Das kommt doch bei vielen Spielen vor, dass manche keine Probleme damit haben, andere aber wiederum es nicht zum Laufen bekommen. Bei einem so nachgefragten Titel wie Empire TW ist die Wahrscheinlichkeit größer, dass es dann bei mehreren nicht läuft.

Diejenigen, die E-TW zum Laufen bekommen, haben doch auch ihren Spaß damit, zumindest habe ich das in den unterschiedlichen Foren gelesen.


----------



## jaruca (24. März 2009)

So jetzt noch meine Meinung

Spiel läuft flüssig und stabil bei mir. lediglich bei der Installation zickte es rum. Bin aber insgesamt enttäuscht. Nach den Vorgängern und der hohen Wertung habe ich Innovationen und Spielspass erwartet. Aber auf Grund der Schlechten Ki (habe bis jetzt auf normal und schwer gespielt, nach wenigen Runden ist man schon unangefochten) und der Eintönigkeit macht es nach 5-20 Spielstunden keinen Spass mehr. Einerseits bietet es nicht viele Taktische Möglichkeiten (Forschung ist erst weit fortgeschritten wenn so und so alles egal ist), Schauplätze sind Eintönig und es gab in keiner Situation das Gefühl von jetzt wird es knapp... Hätte lieber die alten Teile weiterspielen sollen. Eine verbesserte Grafik bring nicht mehr Spielspass, die veränderungen sind nicht schlecht ändern aber nicht viel.

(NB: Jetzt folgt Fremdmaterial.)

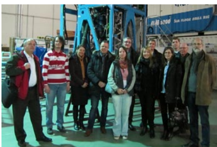
The participants of the MARUM visit.

T he new series, „Networking by, for and with alumni 2015“ from community bremen e.V. had a successful start with a tour of the Zentrum für Marine Umweltwissenschaften (Center for Marine Environmental Sciences), for short,
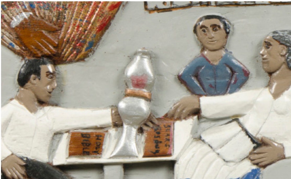
Fig. 2 detail, Elijah Pierce, Obey God and Live

Pierce pictures this literal, tactile connection in his carving. He used gold glitter, relative scale, and placement within his composition to call the viewer's attention to the space where the hand of God, issuing forth from a funnel-shaped energy field of light, comes into contact with Pierce's own head. He would look back later and note that he had been marked since birth as a prophet or seer, as one with a religious vocation. He was born with a caul, relatives told him—a “veil,” he called it—that portion of the amniotic sac that sometimes covers a newborn's head, interpreted from ancient times as a sign of calling, of being set apart for sanctity or prophecy or greatness of some other sort. In the world of earthly pleasures this kind of expectation can be burden as well as blessing.

Für mich ein klarer Fehlkauf.


----------



## LordHotte (24. März 2009)

jaruca am 24.03.2009 15:24 schrieb:
			
		

> So jetzt noch meine Meinung
> 
> Spiel läuft flüssig und stabil bei mir. lediglich bei der Installation zickte es rum. Bin aber insgesamt enttäuscht. Nach den Vorgängern und der hohen Wertung habe ich Innovationen und Spielspass erwartet. Aber auf Grund der Schlechten Ki (habe bis jetzt auf normal und schwer gespielt, nach wenigen Runden ist man schon unangefochten) und der Eintönigkeit macht es nach 5-20 Spielstunden keinen Spass mehr. Einerseits bietet es nicht viele Taktische Möglichkeiten (Forschung ist erst weit fortgeschritten wenn so und so alles egal ist), Schauplätze sind Eintönig und es gab in keiner Situation das Gefühl von jetzt wird es knapp... Hätte lieber die alten Teile weiterspielen sollen. Eine verbesserte Grafik bring nicht mehr Spielspass, die veränderungen sind nicht schlecht ändern aber nicht viel. Für mich ein klarer Fehlkauf.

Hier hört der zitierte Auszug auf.